Она помнит, как недавно в таких же вечерних новостях ведущая сказала: «Сейчас мы покажем видео, на котором запечатлена сцена казни российских солдат. Боевики обезглавили их. Просим на время показа убрать от экранов слабонервных и детей». Ксюша охнула, поняла, что сейчас покажут кошмар, и уткнулась в подушку.

Ксюша хмурится. А что, если их дом тоже взорвут? Она хочет спросить у мамы, но нельзя идти на кухню. Повсюду страх. Она переключает на кнопку AV, и экран становится ярко-синим.

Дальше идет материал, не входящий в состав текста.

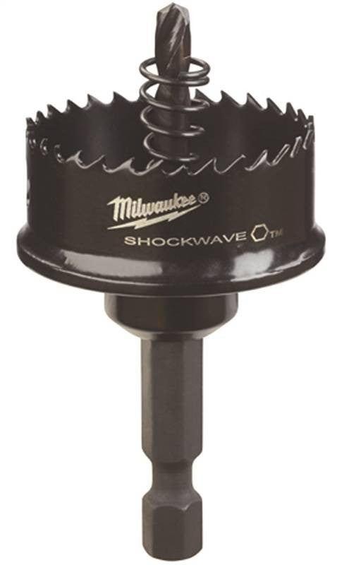 Thin wall hole saw gives professionals a hole making solution with impact drivers. 1/4" quick change hex shank. Utilizing a thin wall, 8 TPI design, delivers a burr-free cut faster than standard bi-metal hole saws. The included ejection spring removes the frustration of manually removing slugs by automatically ejecting the material. A stop shoulder design prevents over-drilling into material and potentially damaging inner components of electrical and junction boxes. For use in plastics and thin gauge metals up to 1/8" thick. 2.5" length.

Кажется, она может двигаться — шум ругани затих, кто-то ушел в ванную, и Ксюша оттаивает. Она открывает шкафчик, где хранятся видеокассеты, и находит свой любимый мультик — «Анастасия». Она всегда смотрит его. Мама удивляется: «Как тебе не надоедает одно и то же?» Но Ксюша любит одно и то же: кассеты с музыкой, с мультиками, еду. Только она загружает кассету в видеомагнитофон и включается автоматическая перемотка назад, как в комнату заходит баба и говорит, что надо ужинать.

— Баб, я не хочу. — У Ксюши от голода урчал живот, но она не хотела сидеть за столом с бабой, и ее еду она есть не хотела.

— Иди, иди давай, шуруй! — прикрикнула баба.

Ксюша снова будто прилипла к дивану. И баба начала ее оттаскивать.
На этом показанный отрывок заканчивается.